» **Exercise details**
Once the line holding "赤羽根亜沙美さんの画数の鑑定結果" is written out, stop; begin at the first line of the material below and retype exactly, dropping pictures.

Excerpted data below:

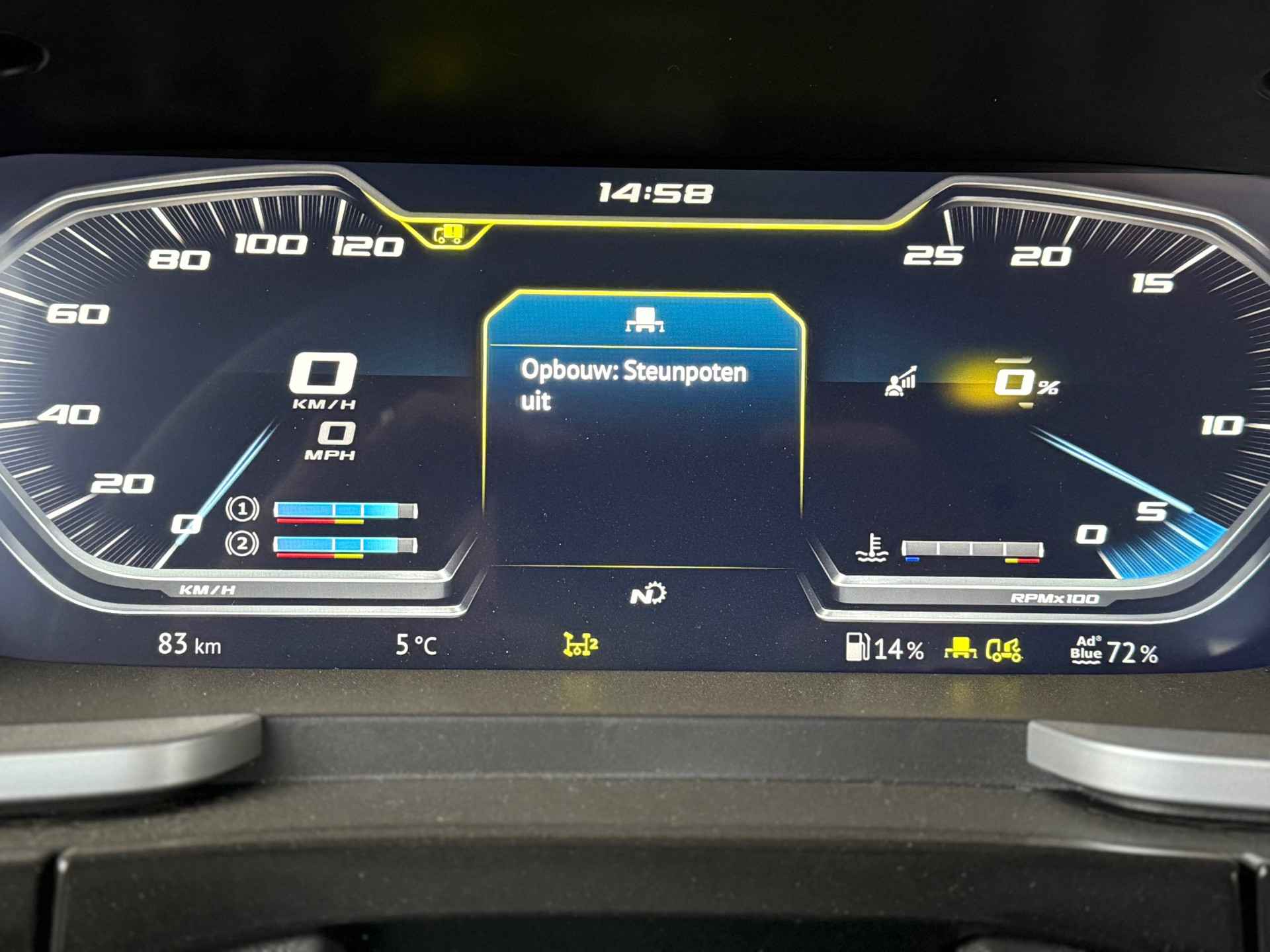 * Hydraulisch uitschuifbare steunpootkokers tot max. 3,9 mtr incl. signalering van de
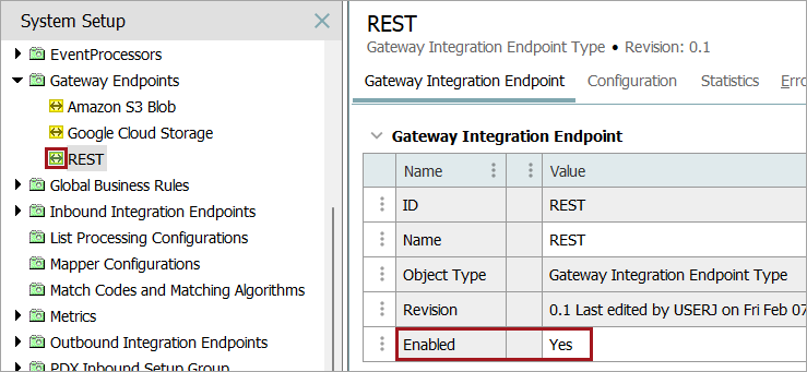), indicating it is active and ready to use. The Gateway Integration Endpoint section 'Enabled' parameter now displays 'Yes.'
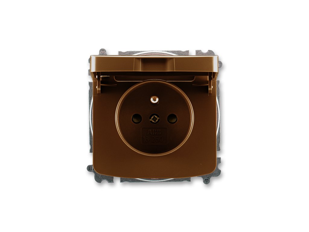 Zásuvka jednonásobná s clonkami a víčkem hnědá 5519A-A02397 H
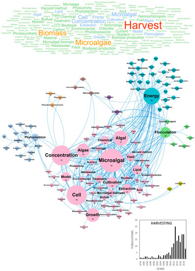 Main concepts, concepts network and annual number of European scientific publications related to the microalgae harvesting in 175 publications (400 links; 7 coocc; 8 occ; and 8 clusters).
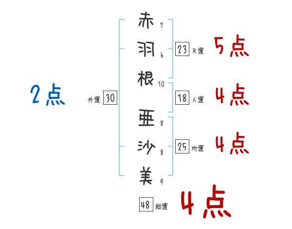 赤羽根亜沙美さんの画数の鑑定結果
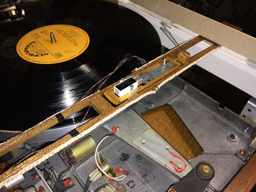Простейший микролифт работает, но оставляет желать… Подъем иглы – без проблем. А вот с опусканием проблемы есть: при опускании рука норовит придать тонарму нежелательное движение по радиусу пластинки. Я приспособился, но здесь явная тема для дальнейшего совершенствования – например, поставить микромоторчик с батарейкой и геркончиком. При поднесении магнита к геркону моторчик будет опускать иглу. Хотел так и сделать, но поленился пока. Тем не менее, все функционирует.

End of Excerpted data.

» **Your response**
 * Hydraulisch uitschuifbare steunpootkokers tot max. 3,9 mtr incl. signalering van de
), indicating it is active and ready to use. The Gateway Integration Endpoint section 'Enabled' parameter now displays 'Yes.'
 Zásuvka jednonásobná s clonkami a víčkem hnědá 5519A-A02397 H
 Main concepts, concepts network and annual number of European scientific publications related to the microalgae harvesting in 175 publications (400 links; 7 coocc; 8 occ; and 8 clusters).
 赤羽根亜沙美さんの画数の鑑定結果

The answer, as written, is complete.